== AVAILABLE DATA ==
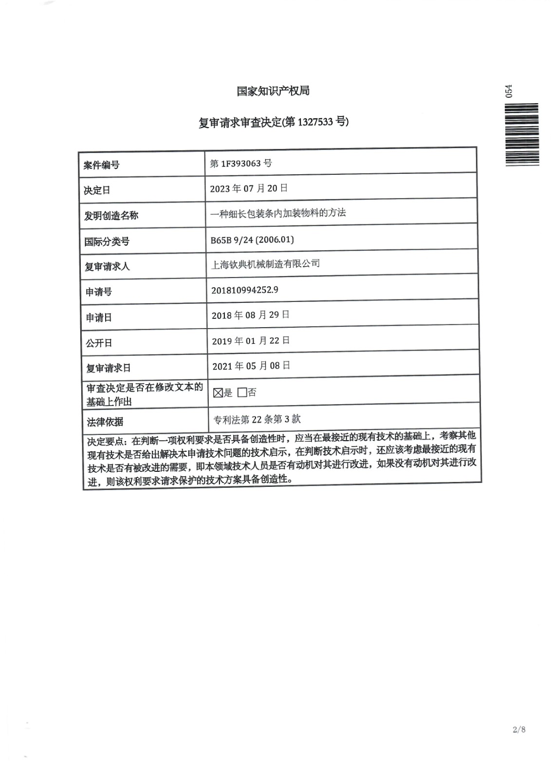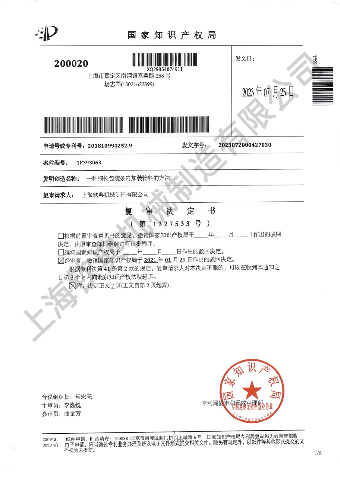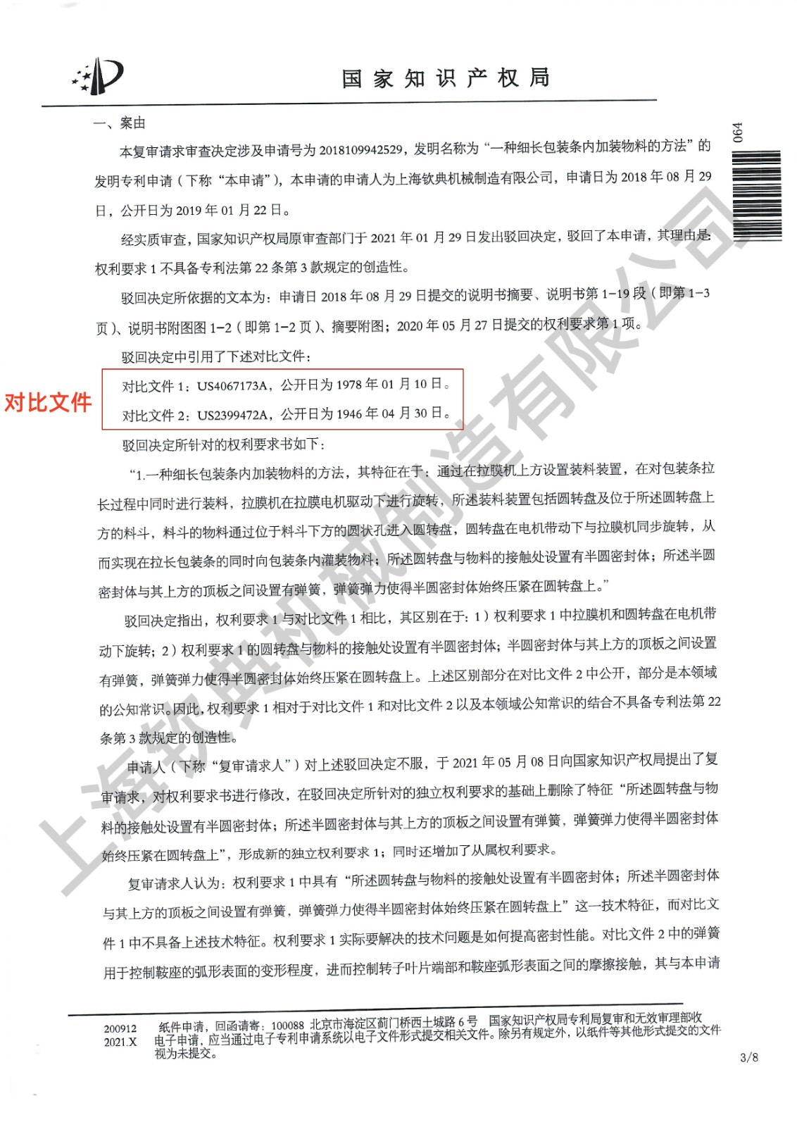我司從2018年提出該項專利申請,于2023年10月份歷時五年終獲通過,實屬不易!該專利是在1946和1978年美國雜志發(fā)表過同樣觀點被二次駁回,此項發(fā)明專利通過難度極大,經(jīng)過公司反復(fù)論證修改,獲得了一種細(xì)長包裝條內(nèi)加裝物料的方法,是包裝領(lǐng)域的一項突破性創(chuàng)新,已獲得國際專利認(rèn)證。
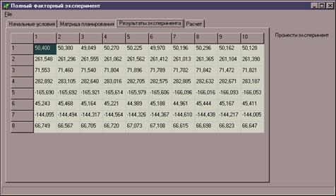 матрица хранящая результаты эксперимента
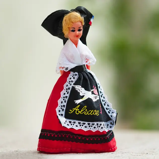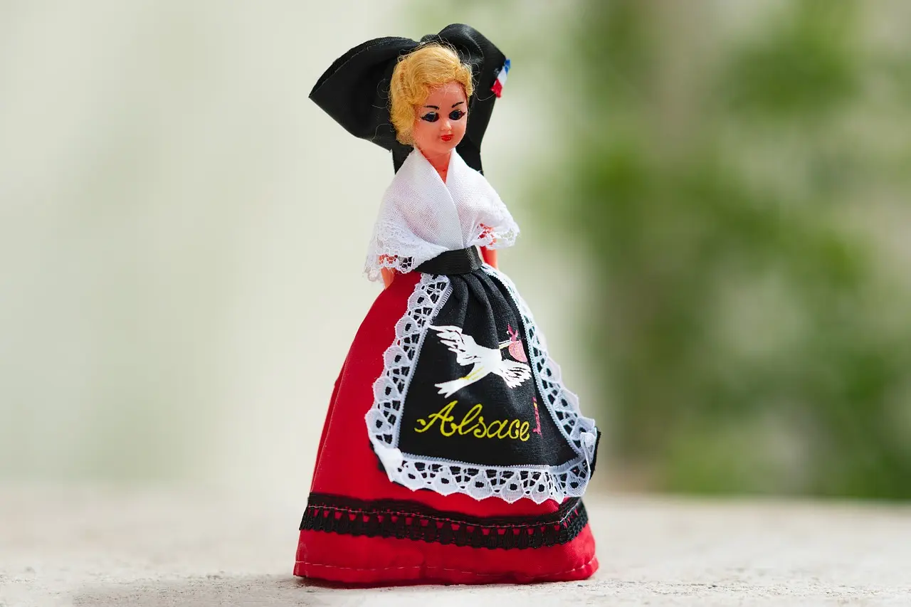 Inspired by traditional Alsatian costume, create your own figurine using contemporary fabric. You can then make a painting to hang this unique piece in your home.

== TO DO ==
Word for word, reproduce the material above and omit each image.

== OUTPUT OF THE EXERCISE ==
我司從2018年提出該項專利申請,于2023年10月份歷時五年終獲通過,實屬不易!該專利是在1946和1978年美國雜志發(fā)表過同樣觀點被二次駁回,此項發(fā)明專利通過難度極大,經(jīng)過公司反復(fù)論證修改,獲得了一種細(xì)長包裝條內(nèi)加裝物料的方法,是包裝領(lǐng)域的一項突破性創(chuàng)新,已獲得國際專利認(rèn)證。
 матрица хранящая результаты эксперимента
 Inspired by traditional Alsatian costume, create your own figurine using contemporary fabric. You can then make a painting to hang this unique piece in your home.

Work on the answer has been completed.